Coup de cœur manga ! Perfect World, où les héros d’aujourd’hui

Je devais me comporter comme ça, moi aussi, avant…  (Tsugumi Kawana)

C’est parti pour la chronique manga qui met bien : Perfect World.

Les éditions françaises et japonaises sont au même niveau : 10 volumes sortis. Occasion, pour les retardataires, de planifier un petit RDV sans contact avec son/sa libraire. Livraison à dom si possible. Et sinon, opération express commando masque gel hydroalco. No blagada par avec mister corona. Ou alors, tu « attends que la pluie s’achève, attends que le jour se lève ». #OmarChakil. Y’a le temps, oh.

Entre Elle et Lui

Tsugumi Kawana, 26 ans. Décoratrice d’intérieur. Au cours d’une soirée professionnelle, elle retrouve Itsuki Ayukawa, son amour du lycée. Kawana le reluquait en secret, ce grand Ayukawa, accro au basket et aux livres d’architecture.

Kawana aussi a la fibre artistique. Mais elle a tout abandonné, pour se perdre dans les méandres de la vie active.

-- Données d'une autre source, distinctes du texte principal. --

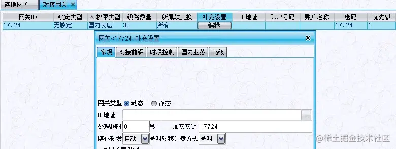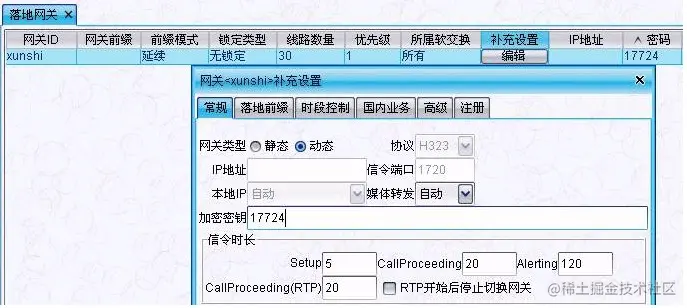 附:关于讯时O口网关注册VOS同时做对接和落地注:只有VOS2009-2.1.2.0及其以上版本支持。讯时网关的配置和注册对接网关一样。不同的是在VOS上同时新建一个对接网关和一个落地网关。网关ID,密码,加密密钥三者相同。如下图: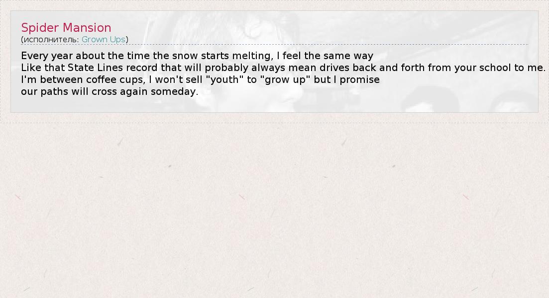 Это интересно:Представьте себе более грубый Lifetime и вы получите представление о Grown Ups. Находясь где-то между эмо и поп-панком, Grown Ups являются одним из ярких открытий открытий последнего года. Сформировавшись из бывших участников Lions Of The North, Grown Ups напоминают такие группы как Braid, Latterman и во многом Street Smart Cyclist. Энергия, которая исходит от группы является по крайней мере заразительной. Сыроватые, но до жути... продолжение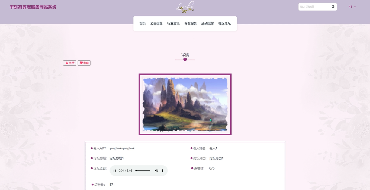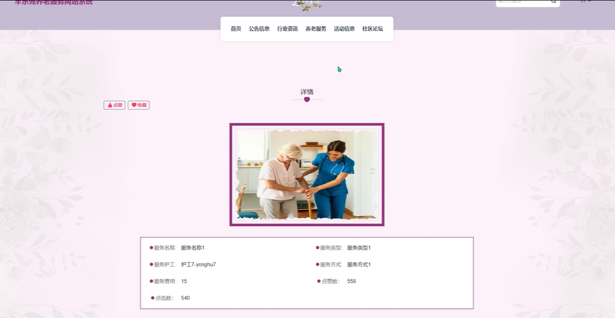养老服务: 查看养老服务详情,包括服务名称、类型、方式、图片及费用等,支持搜索、点赞、收藏、评论、回复、删除等操作。

La peinture, les carrières d’artiste, ça ne fait vivre que dans les rêves.

En voyant Ayukawa, Kawana reste sous le choc. Il est architecte. Il s’est accroché, lui. Mais il a changé. Plus de basket, du moins, plus comme avant. Ayukawa est en fauteuil roulant.

Perfect World Kanawa et Ayukawa
© Rie Aruga / Kodansha Ltd.

Le regard des autres

Avec Perfect World, Rie Aruga nous offre une histoire simple, belle, touchante. On souffre et on se scandalise. Ces gens qui regardent Ayukawa de travers, qui ne voient que l’homme en fauteuil, on voudrait bien leur donner deux-trois raclées. On se regarde dans le miroir et on s’effraie. C’est nous, ce « on » qui ne comprend pas, qui compatit vite-fait, qui craint d’attraper le handicap, comme s’il s’agissait d’un virus.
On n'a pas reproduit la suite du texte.